### Assignment
Everything below from the line with "خبری شرکت کردند." through the line with "Add some trendy" must be retyped exactly, except the pictures.

### Supplied data
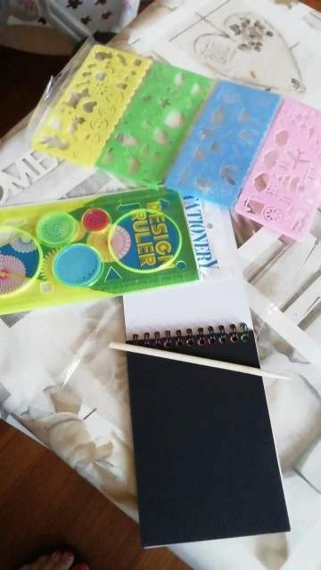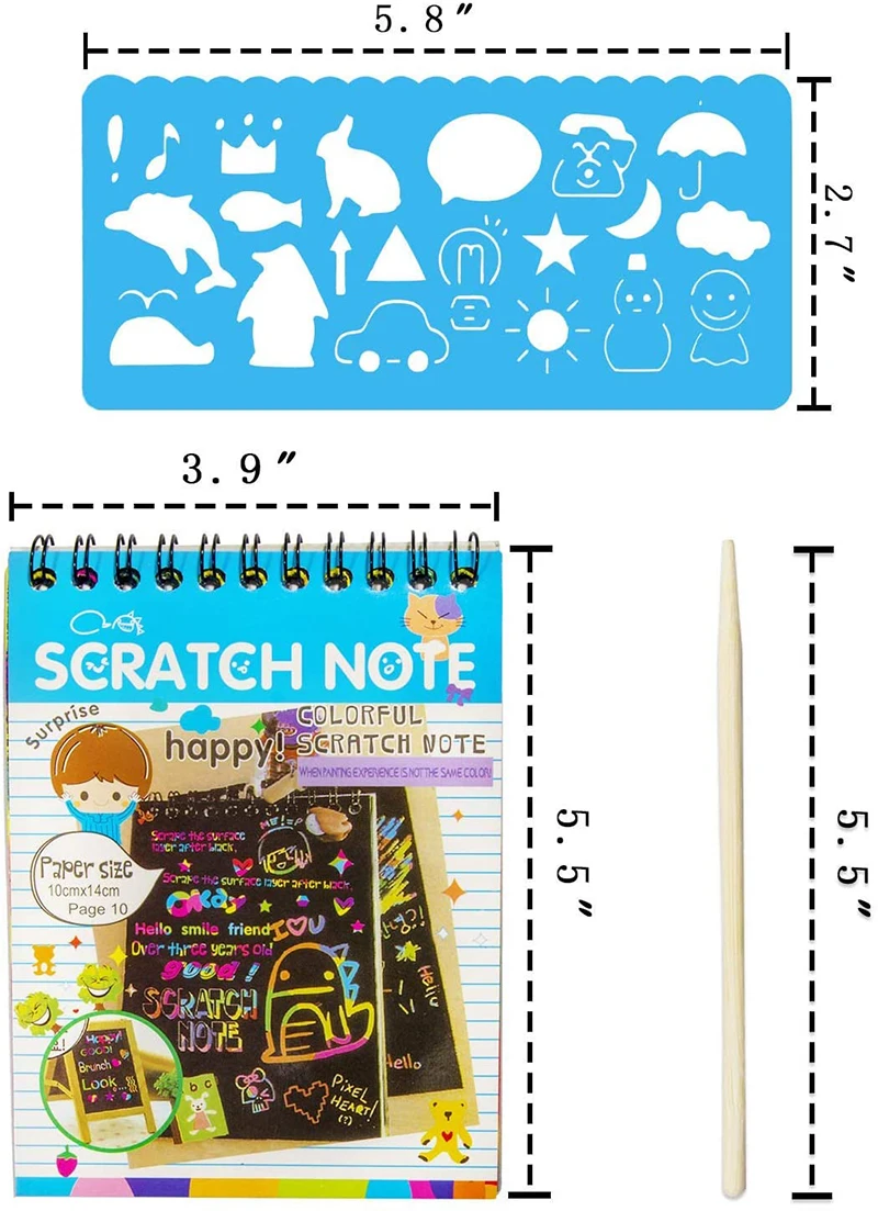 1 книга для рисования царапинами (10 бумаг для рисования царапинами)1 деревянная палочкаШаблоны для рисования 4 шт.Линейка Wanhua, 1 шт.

--

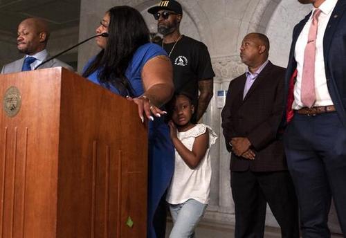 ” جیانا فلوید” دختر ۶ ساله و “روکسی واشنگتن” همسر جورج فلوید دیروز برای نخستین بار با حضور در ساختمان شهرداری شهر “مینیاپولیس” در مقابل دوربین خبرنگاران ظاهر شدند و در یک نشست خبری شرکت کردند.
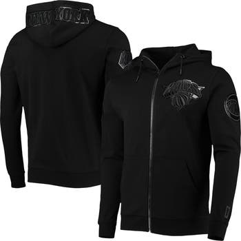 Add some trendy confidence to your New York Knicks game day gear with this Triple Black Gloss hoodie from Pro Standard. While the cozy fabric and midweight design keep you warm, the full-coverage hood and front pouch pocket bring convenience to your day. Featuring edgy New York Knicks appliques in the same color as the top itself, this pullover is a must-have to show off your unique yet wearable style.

---

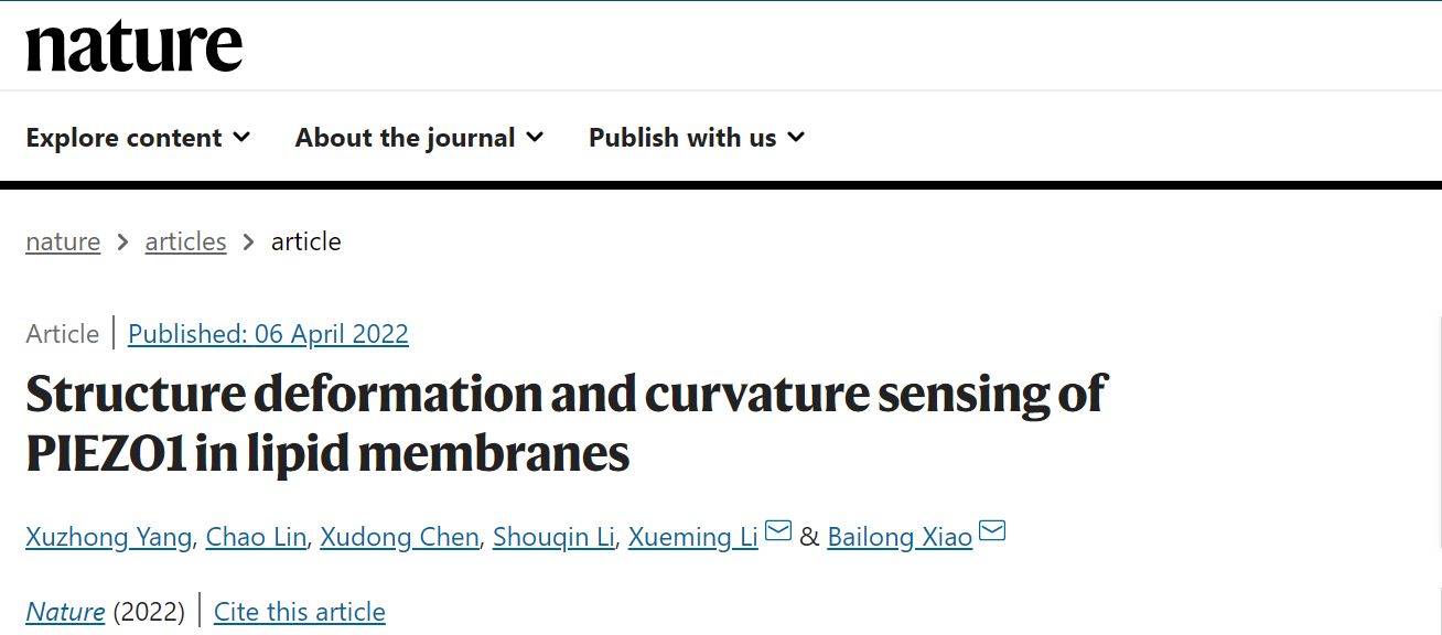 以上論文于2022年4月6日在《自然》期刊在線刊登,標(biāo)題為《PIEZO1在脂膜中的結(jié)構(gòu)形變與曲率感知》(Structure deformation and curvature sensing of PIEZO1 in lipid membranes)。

### Response to the exercise
 ” جیانا فلوید” دختر ۶ ساله و “روکسی واشنگتن” همسر جورج فلوید دیروز برای نخستین بار با حضور در ساختمان شهرداری شهر “مینیاپولیس” در مقابل دوربین خبرنگاران ظاهر شدند و در یک نشست خبری شرکت کردند.
 Add some trendy confidence to your New York Knicks game day gear with this Triple Black Gloss hoodie from Pro Standard. While the cozy fabric and midweight design keep you warm, the full-coverage hood and front pouch pocket bring convenience to your day. Featuring edgy New York Knicks appliques in the same color as the top itself, this pullover is a must-have to show off your unique yet wearable style.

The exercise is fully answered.